- Supplied records -
%%
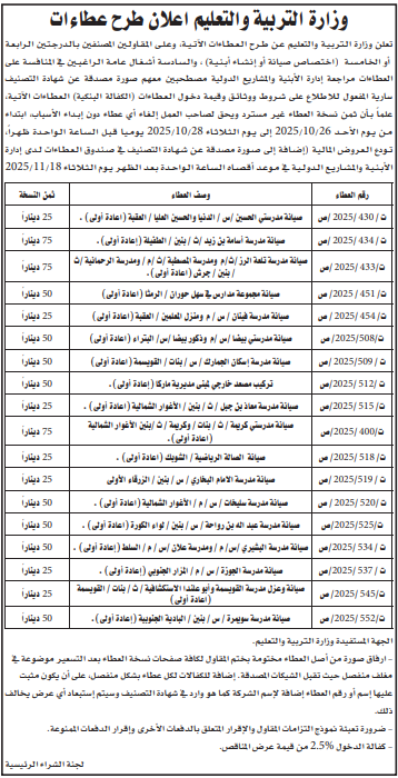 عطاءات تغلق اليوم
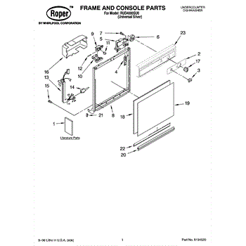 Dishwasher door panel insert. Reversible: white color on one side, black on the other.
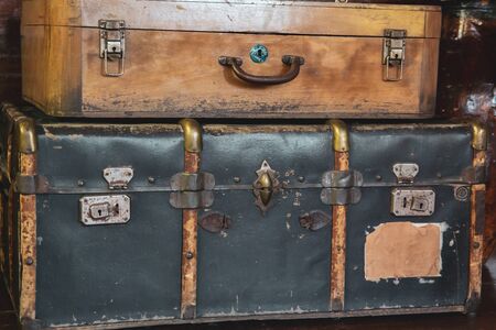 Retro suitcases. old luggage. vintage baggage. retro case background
%%
%%
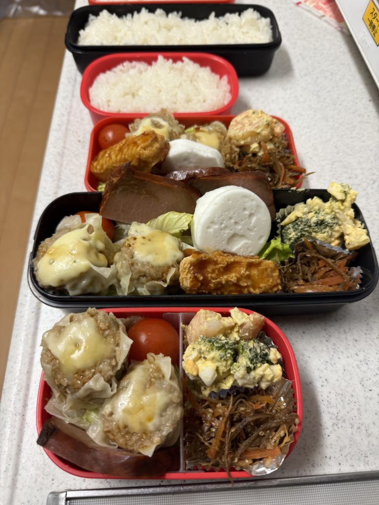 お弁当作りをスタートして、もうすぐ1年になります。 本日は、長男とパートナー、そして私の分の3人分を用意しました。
%%
%%
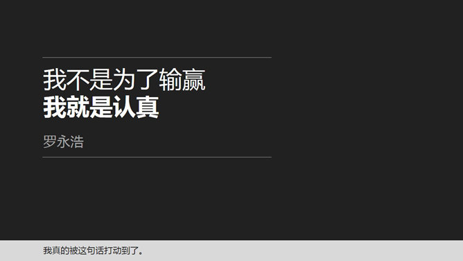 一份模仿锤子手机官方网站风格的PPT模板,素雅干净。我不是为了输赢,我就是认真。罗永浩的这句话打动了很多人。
%%
- The task -
Please output, exactly as written, the lines above from the one holding "عطاءات تغلق اليوم" through the one holding "Retro suitcases. old", both included, with the pictures omitted.

- Expected output -
 عطاءات تغلق اليوم
 Dishwasher door panel insert. Reversible: white color on one side, black on the other.
 Retro suitcases. old luggage. vintage baggage. retro case background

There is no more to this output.